TCP connection which device established to the CoAP Gateway is now authenticated but not authorized. Before the devices becomes reachable, TCP connection needs to be authorized. As this flow describes operation of a new device, device needs within the first connection Sign Up - register with the plgd.cloud (see 8.1.4). The authorization code received during the OCF Cloud Provisioning process described in the diagram above is be by the CoAP Gateway exchanged for an access and refresh token and returned back to the device. This process is in more detail described in the OCF Cloud Security Specification (see 6.2).
Successful registration to the plgd.dev is followed by authorization request called Sign In. Sign In is required right after sucessfully established TCP connection to the CoAP Gateway, otherwise the device won’t be reachable - marked as online. Other device requests are blocked as well unless the device successfully Signs In. Successful autorization precedes validation of the Access Token.
Device capabilities are represented in form of resources. Configuration if the resource is published (remotely accessible over plgd.cloud) or not is part of the IoTivity-Lite API. If the resource is publised or not is up to the device vendor which might want to have some resources accessible only on the proximity network. Resources information which are published to the plgd.cloud provides insights into device capabilities.

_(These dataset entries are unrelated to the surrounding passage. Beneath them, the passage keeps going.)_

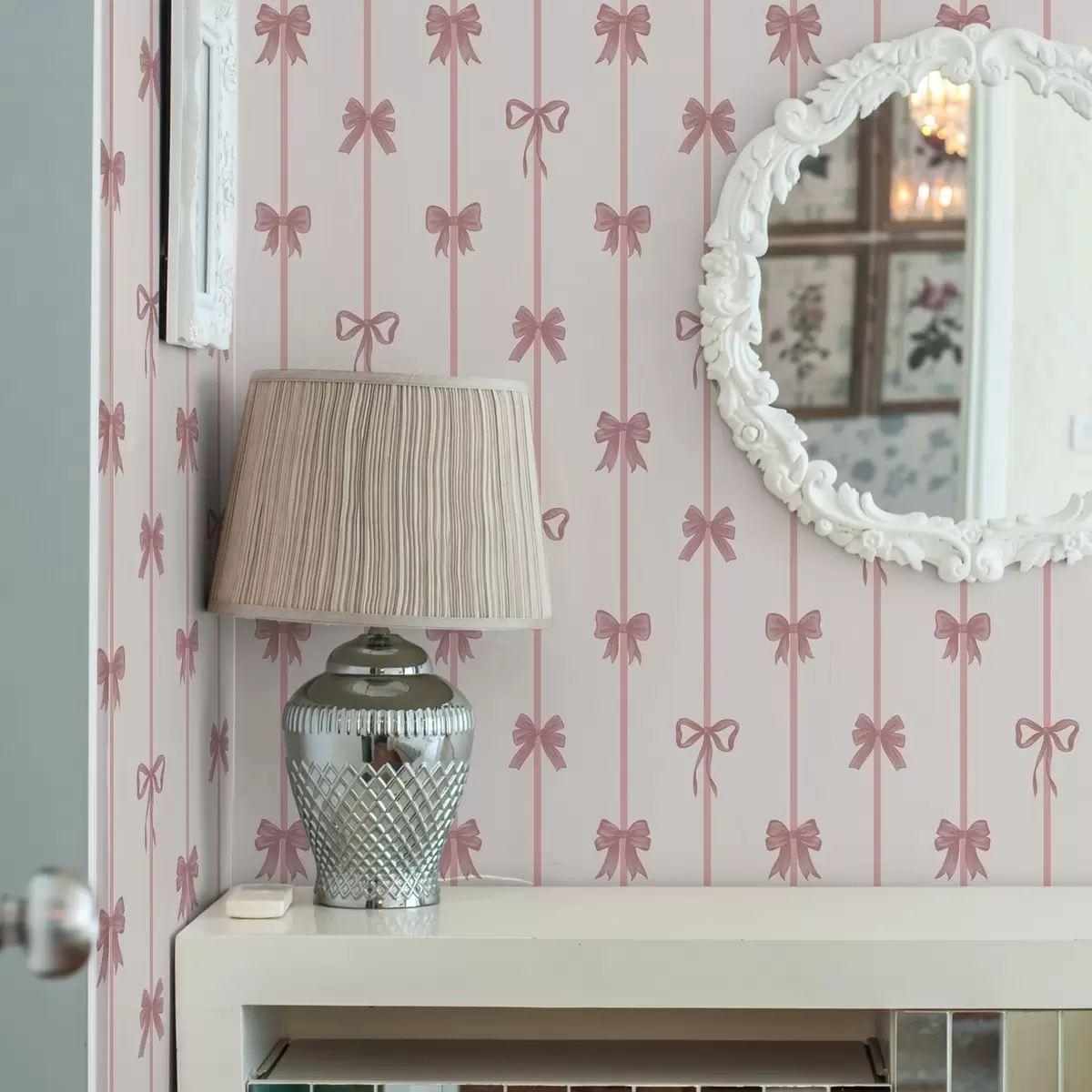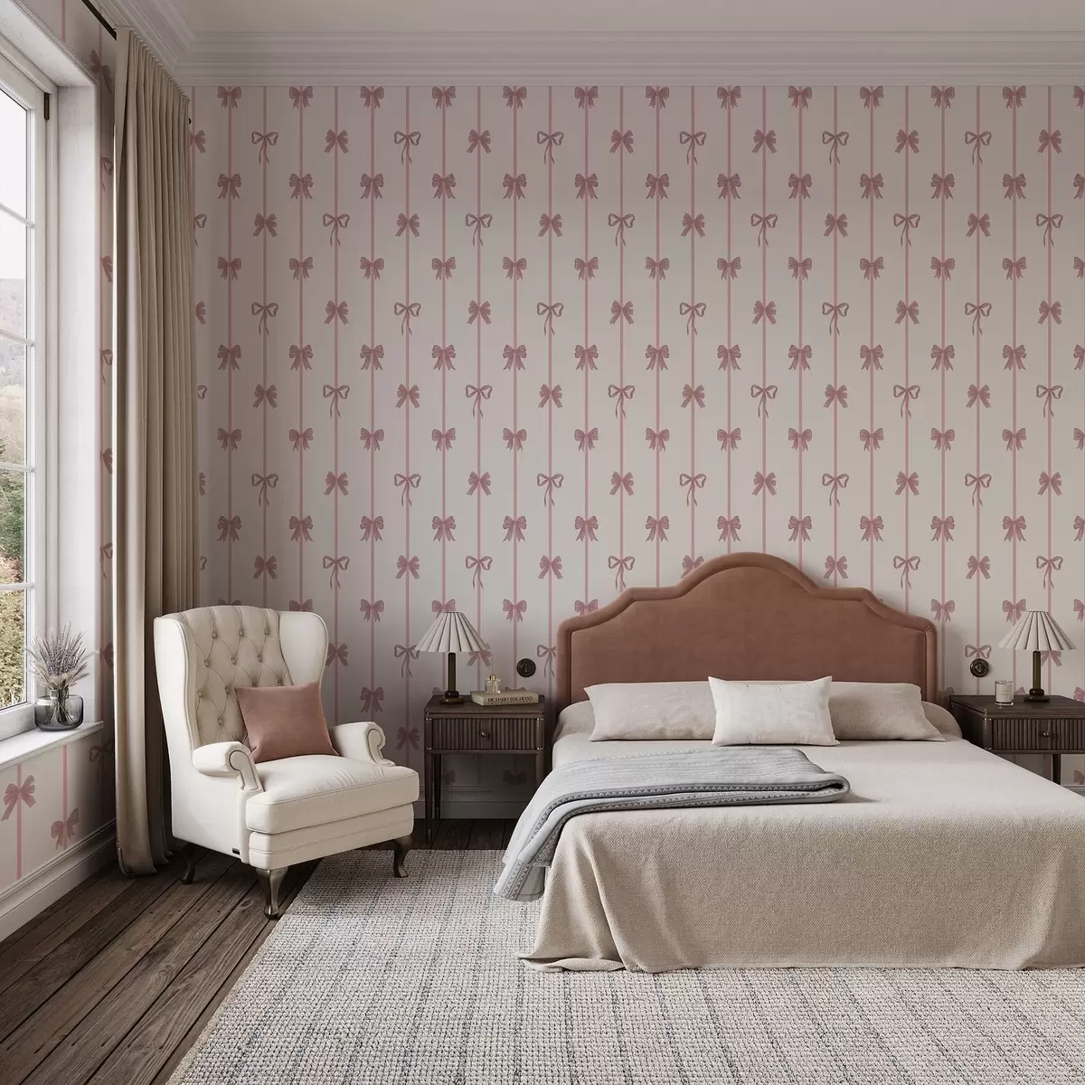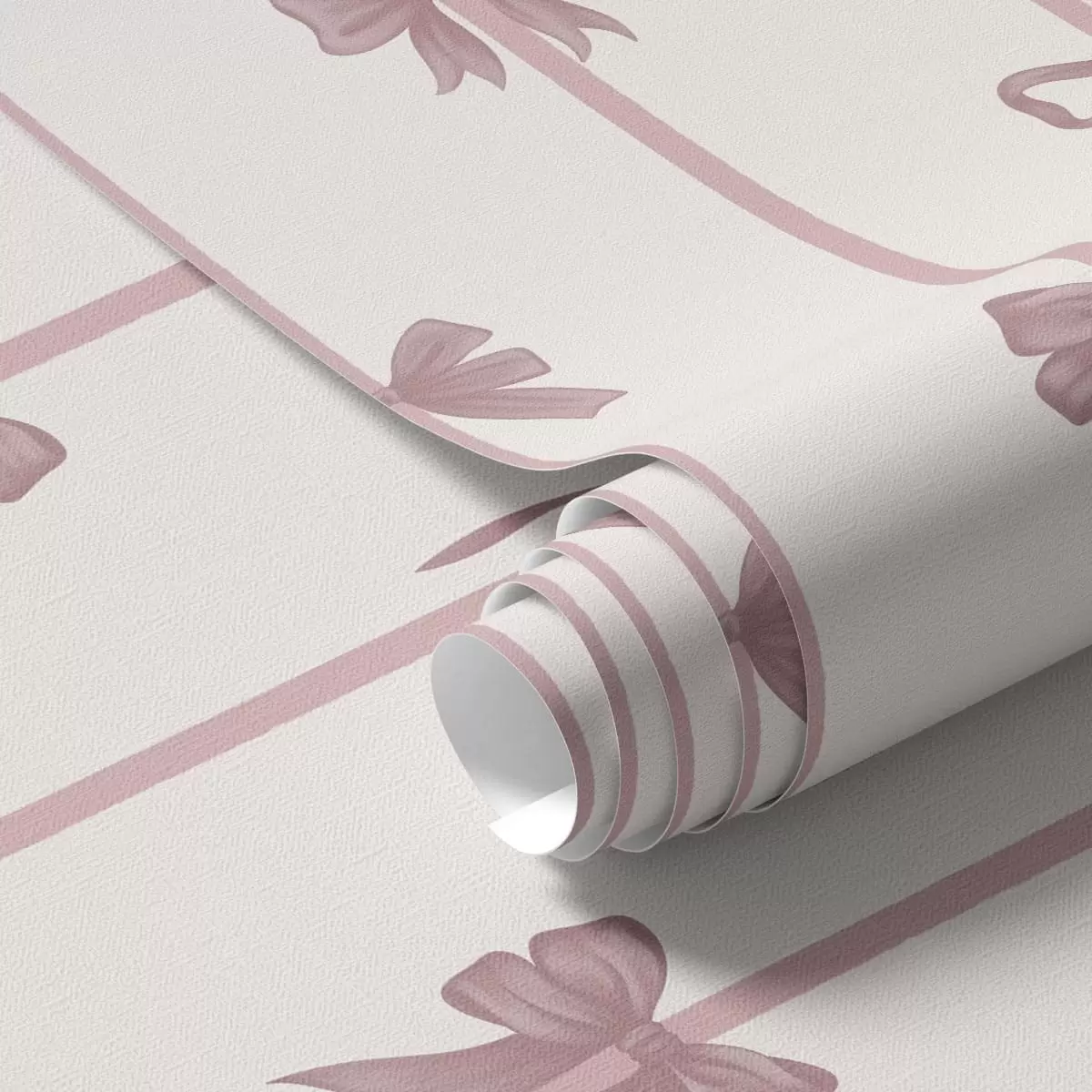 Tapet Rosa rosetter med band på ljus bakgrund Nr. a01074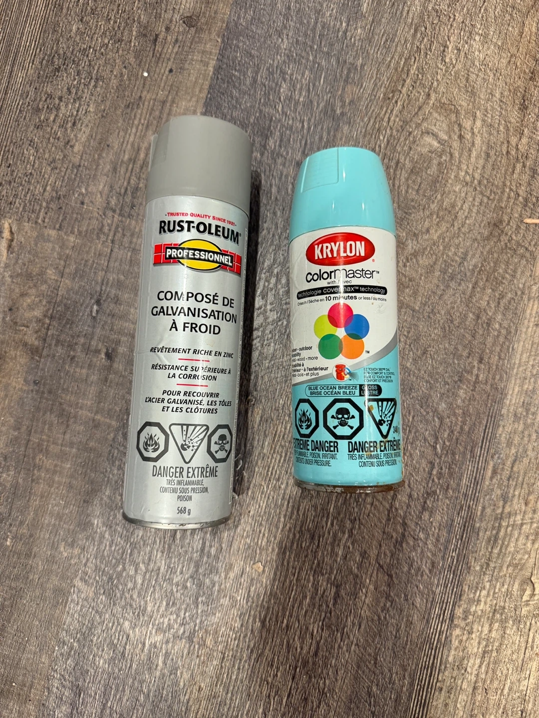 Selling two cans of spray paint: one Rust-Oleum Professional Cold Galvanizing Compound and one Krylon ColorMaster in Blue Ocean Breeze. Both cans are full and ready to use for your next project!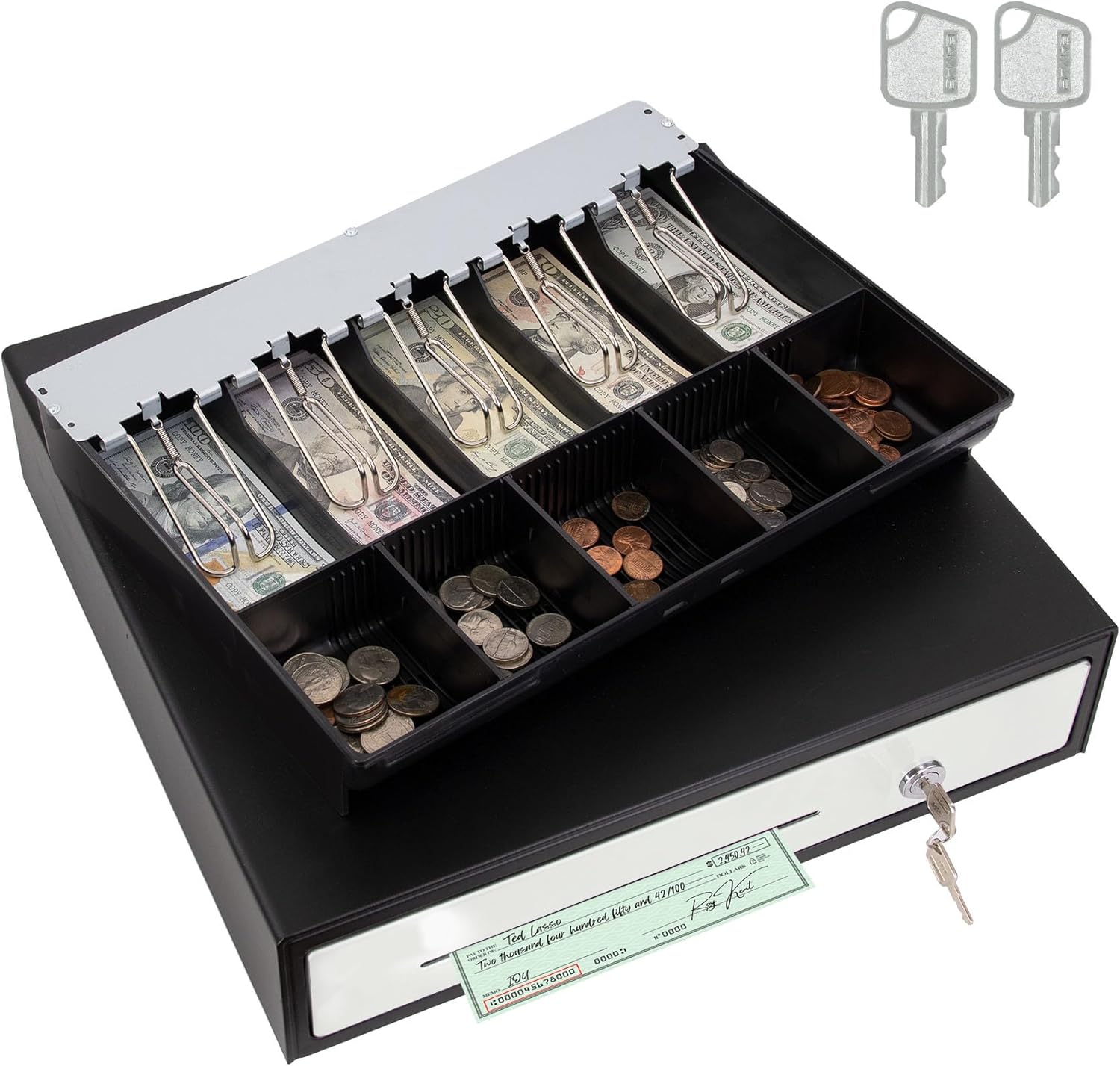 - 📦Stainless Steel Front & Movable Till: This cash drawer not only ensures security but also adds a touch of durability with its Stainless Steel Front. Customize your cash organization with the movable till, providing flexibility to adapt to your business needs.
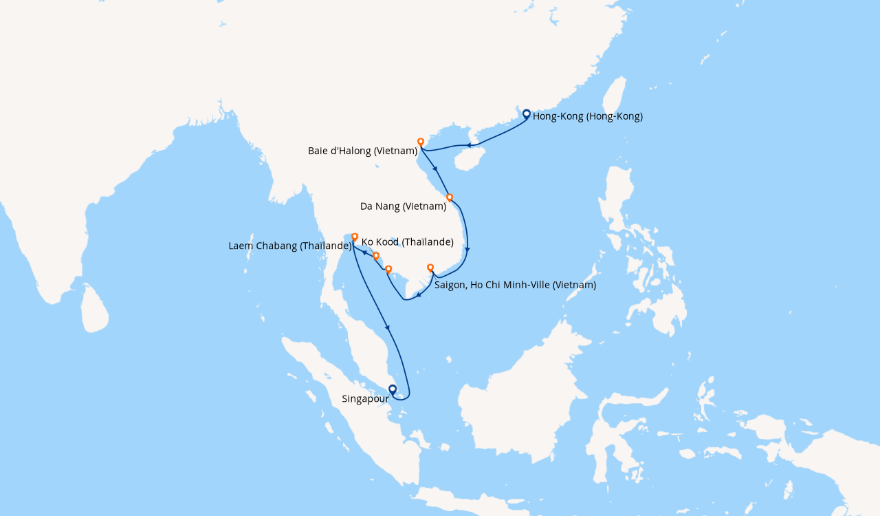 Pour les escales au Vietnam, en Chine et en Indonésie, un visa de transit, dont s'occupent en général les compagnies de croisière, est obligatoire et sera facturé dans le cadre de vos dépenses à bord.
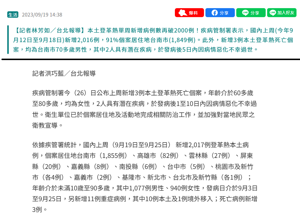 : 根據衛生局提出9月23至25日的新增病例數分別為261、197、323例與上周同期241、153、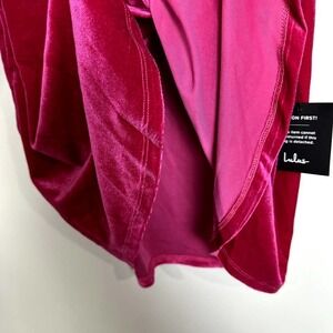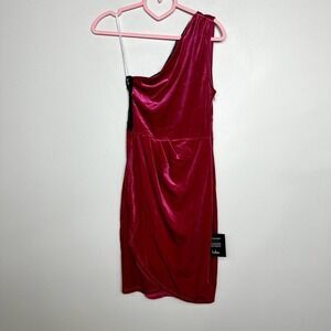 Lulus NWT All The Luxe Velvet Lace One-Shoulder Tulip Mini Dress Hot Pink Sz Small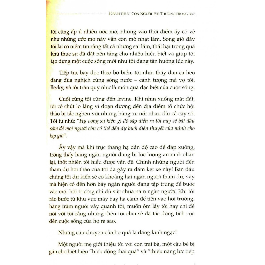 Giới thiệu về sách Đánh Thức Con Người Phi Thường Trong Bạn Đánh Thức Con Người Phi Thường Trong Bạn của Anthony Robbins là một hành trình khai phá tiềm năng bên trong mỗi người, được viết với mong muốn đánh thức “con người phi thường” đang ngủ quên. Cuốn sách trình bày các nguyên tắc nền tảng để tạo ra sự thay đổi bền vững, cùng ba bước cơ bản để cải thiện cuộc sống: nâng tầm bản thân, thay đổi niềm tin hạn hẹp, và điều chỉnh chiến lược. Phát hành năm 2021 bởi First News - Trí Việt và NXB Tổng Hợp TP.HCM, đây là cẩm nang giúp độc giả làm chủ cảm xúc, cơ thể, mối quan hệ, tài chính, và thời gian để phát huy tối đa sức mạnh cá nhân.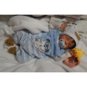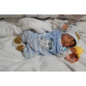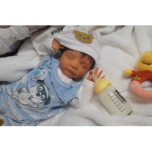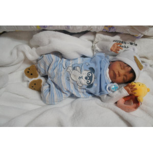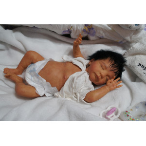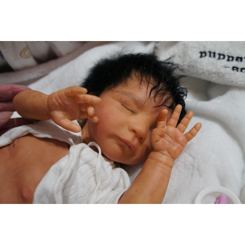 Ich wurde mit hochwertigen Farben in Real Effekt Technik eingefärbt. Mit Genesis Farben habe ich dieses alles noch mal zum Schluss gut versiegelt und eingebrannt. Diese wurde in mehreren Schichten aufgetragen, sodass ein sehr realistisches Hautbild entstanden ist. (Wisch- und Wasserfest kein Abblättern mgl). Feinste Schattierungen und leichte Betonung der Speckfalten wurden bei mir auch nicht vergessen. Leichte Äderchen an Händen, Armen, Füßchen, Beinen, Ohren, Kopf und Gesicht lassen mich wie ein echtes Baby aussehen. Jedes Fältchen an mir wurde einzeln betont. Zarte Augenbrauen wurden mir auch gegeben. Meine Nase wurde geöffnet und hinterlegt, sodass ich jetzt auch gut Luft bekomme. Auch zarte Befeuchtung der Augen, Mund und Nase lassen mich noch echter wirken.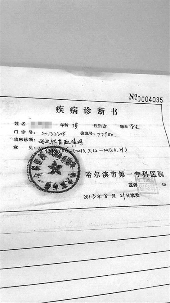(经市第一专科医院诊断,炀炀患上“延迟性应激障碍”精神疾病)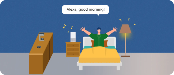 Make your life easier by automating your routines. For your sleeping and wake-up routines, create a routine to wake up or fall asleep to your favorite music, station, or podcasts. Or, use your Alexa to create routines.

Clients are interested not only in the resource href - location on which they can request resource representation, but mainly in the resource type as this allows them to filter only capabilities they are able to control.
As an example, if you have an client application which controls the light, it will search the Resource Directory for all lights user have at home - filter resources by resource type oic.r.switch.binary. Other resources like temperature, moisture, etc. are not of any interest, as application doesn’t understand their representation.
Information which is published doesn’t contain resource representation, only resource information as described here (see 22.214.171.124.2).
Resource publish request is forwarded to the Resource Aggregate which registers a new resource. This process makes the resource discoverable.
The plgd.cloud starts observation of every successfuly published resource by sending the OBSERVE request. Each of the received notification from the device is send to the Resource Aggregate to record the change.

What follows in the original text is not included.